## EXCERPTED DATA
=======

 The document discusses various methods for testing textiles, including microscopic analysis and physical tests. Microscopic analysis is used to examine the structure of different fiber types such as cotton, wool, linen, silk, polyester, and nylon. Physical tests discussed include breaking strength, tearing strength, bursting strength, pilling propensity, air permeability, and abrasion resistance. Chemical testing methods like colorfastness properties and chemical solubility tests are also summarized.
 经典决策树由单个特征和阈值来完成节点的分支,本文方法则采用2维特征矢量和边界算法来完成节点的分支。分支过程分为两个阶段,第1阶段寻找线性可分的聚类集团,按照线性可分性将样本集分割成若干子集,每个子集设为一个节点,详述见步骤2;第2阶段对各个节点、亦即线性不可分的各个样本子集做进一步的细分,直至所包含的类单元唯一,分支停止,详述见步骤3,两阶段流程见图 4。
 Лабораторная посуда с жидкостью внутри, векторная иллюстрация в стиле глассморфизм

=======

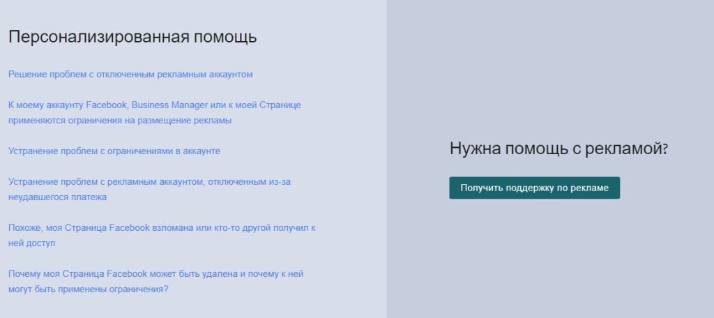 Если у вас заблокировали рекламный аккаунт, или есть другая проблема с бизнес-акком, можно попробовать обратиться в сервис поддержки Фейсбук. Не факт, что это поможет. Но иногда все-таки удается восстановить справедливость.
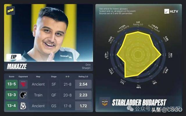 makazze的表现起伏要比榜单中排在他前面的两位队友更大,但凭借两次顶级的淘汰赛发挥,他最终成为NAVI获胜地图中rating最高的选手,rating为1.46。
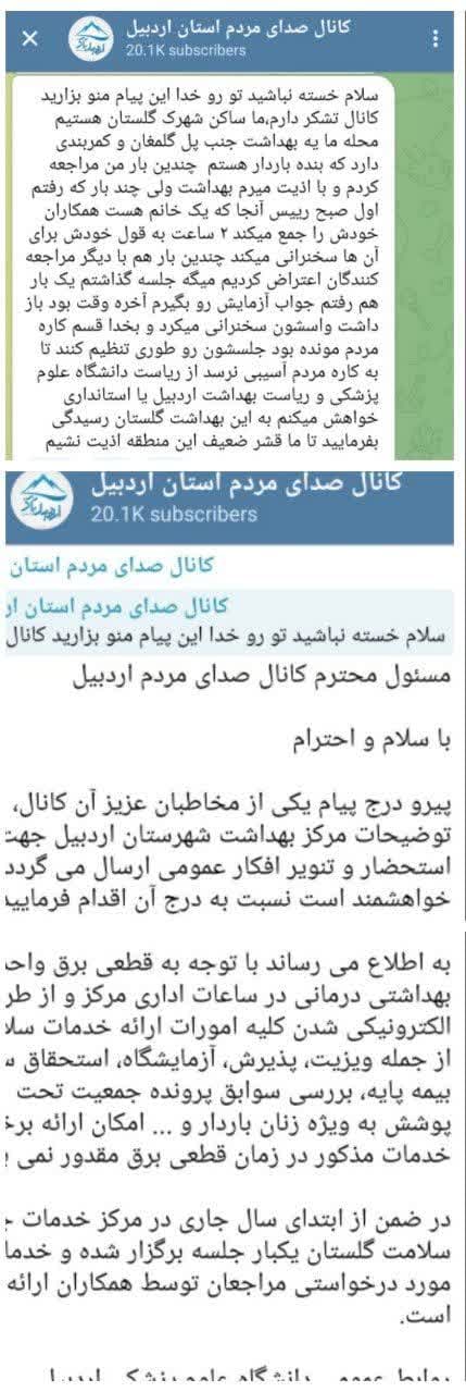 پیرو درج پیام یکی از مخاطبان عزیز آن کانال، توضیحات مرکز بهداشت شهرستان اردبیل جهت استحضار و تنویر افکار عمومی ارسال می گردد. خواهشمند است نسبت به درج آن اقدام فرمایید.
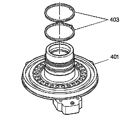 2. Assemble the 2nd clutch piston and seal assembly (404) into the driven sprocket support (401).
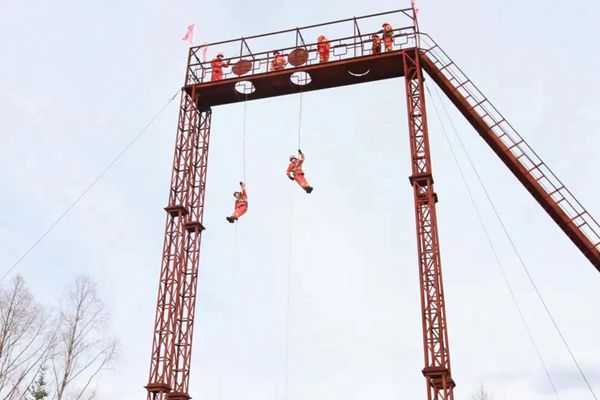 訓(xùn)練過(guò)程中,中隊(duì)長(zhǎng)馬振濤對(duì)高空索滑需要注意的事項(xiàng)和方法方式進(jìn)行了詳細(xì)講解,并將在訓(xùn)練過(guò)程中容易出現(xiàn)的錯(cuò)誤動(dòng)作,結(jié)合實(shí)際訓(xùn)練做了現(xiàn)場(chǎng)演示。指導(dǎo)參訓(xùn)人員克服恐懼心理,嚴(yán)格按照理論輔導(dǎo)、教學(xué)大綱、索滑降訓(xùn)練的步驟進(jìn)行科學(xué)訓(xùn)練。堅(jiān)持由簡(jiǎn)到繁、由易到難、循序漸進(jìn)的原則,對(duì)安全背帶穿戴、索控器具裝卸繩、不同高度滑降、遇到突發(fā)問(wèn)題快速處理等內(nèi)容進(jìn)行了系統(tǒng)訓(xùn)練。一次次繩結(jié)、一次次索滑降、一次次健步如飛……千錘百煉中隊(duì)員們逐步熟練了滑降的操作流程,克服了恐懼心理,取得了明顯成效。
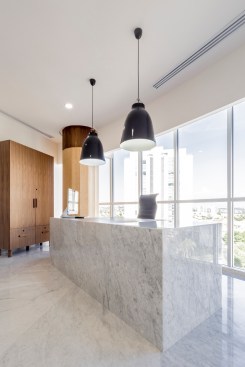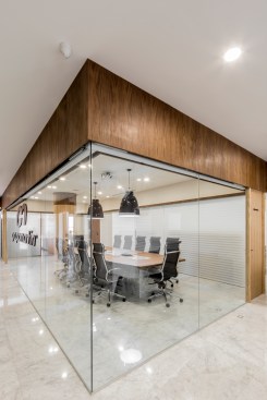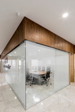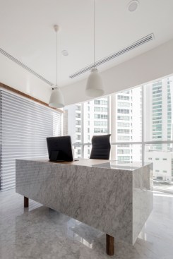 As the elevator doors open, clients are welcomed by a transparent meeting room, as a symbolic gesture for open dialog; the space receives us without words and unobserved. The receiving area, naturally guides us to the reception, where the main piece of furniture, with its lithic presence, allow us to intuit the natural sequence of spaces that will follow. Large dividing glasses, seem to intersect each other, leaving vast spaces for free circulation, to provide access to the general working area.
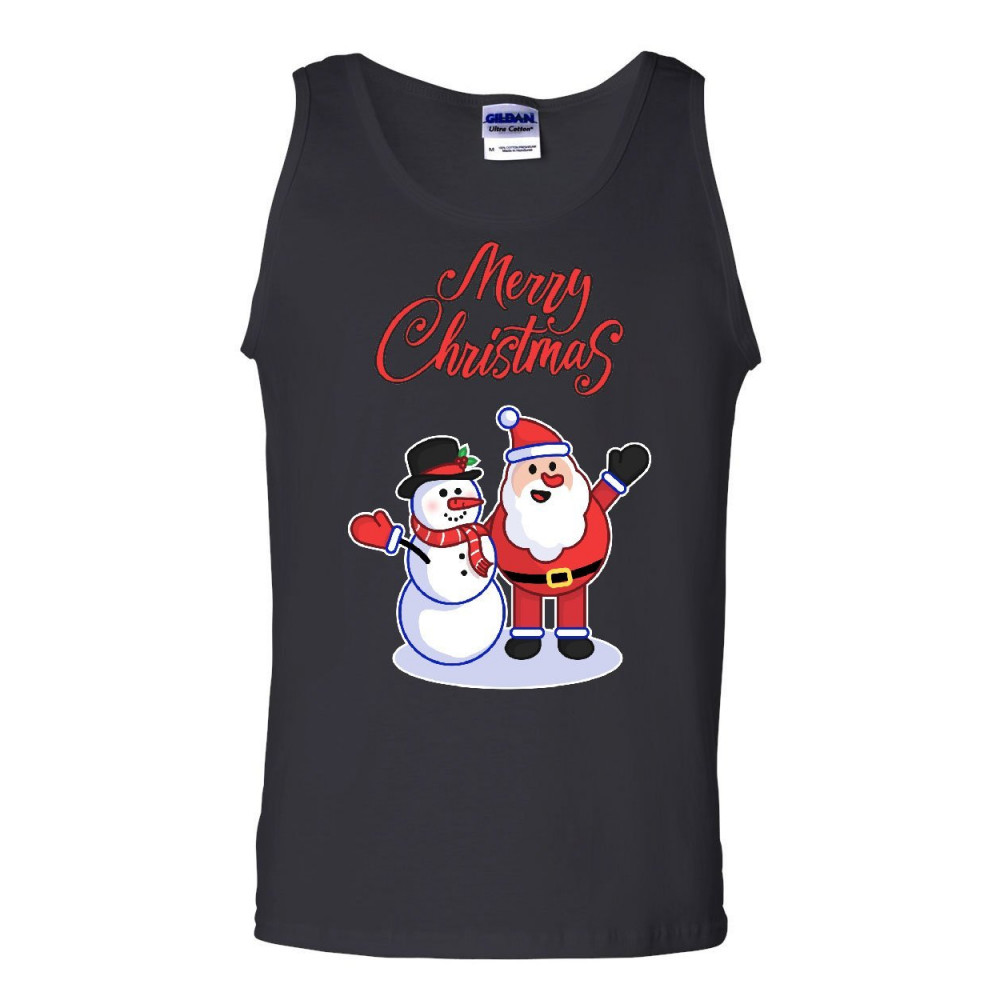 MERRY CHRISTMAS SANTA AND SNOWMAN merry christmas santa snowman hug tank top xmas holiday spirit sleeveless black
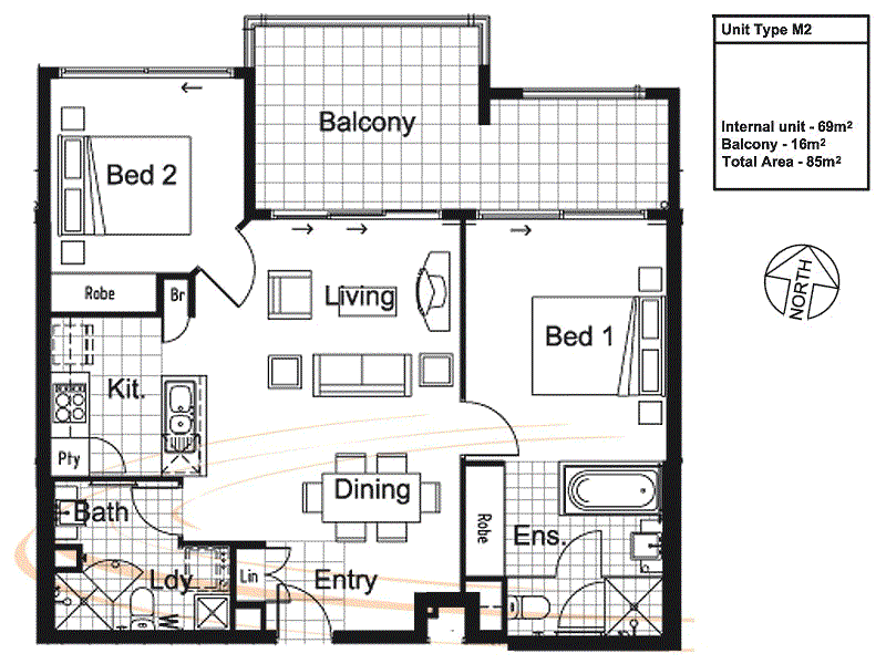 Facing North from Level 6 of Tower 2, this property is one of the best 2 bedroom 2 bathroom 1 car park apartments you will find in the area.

=======

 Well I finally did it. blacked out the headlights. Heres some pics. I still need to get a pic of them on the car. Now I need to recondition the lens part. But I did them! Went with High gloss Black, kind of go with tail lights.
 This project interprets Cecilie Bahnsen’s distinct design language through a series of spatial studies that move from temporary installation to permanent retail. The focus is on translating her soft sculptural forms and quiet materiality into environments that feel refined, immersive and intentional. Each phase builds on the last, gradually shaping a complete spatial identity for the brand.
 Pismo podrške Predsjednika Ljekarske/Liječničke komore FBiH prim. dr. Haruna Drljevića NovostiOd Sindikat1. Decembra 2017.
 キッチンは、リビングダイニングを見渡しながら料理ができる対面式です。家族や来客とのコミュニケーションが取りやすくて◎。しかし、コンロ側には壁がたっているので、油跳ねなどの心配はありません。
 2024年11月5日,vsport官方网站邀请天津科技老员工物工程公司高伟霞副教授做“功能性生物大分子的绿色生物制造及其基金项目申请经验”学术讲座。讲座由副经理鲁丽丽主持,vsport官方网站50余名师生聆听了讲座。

=======

## TASK ITEM
Return exactly the lines that appear in the data above between the line containing "MERRY CHRISTMAS SANTA AND" and the line containing "Facing North from", both of which are included, and leave the pictures out.

## EXPECTED ANSWER
 MERRY CHRISTMAS SANTA AND SNOWMAN merry christmas santa snowman hug tank top xmas holiday spirit sleeveless black
 Facing North from Level 6 of Tower 2, this property is one of the best 2 bedroom 2 bathroom 1 car park apartments you will find in the area.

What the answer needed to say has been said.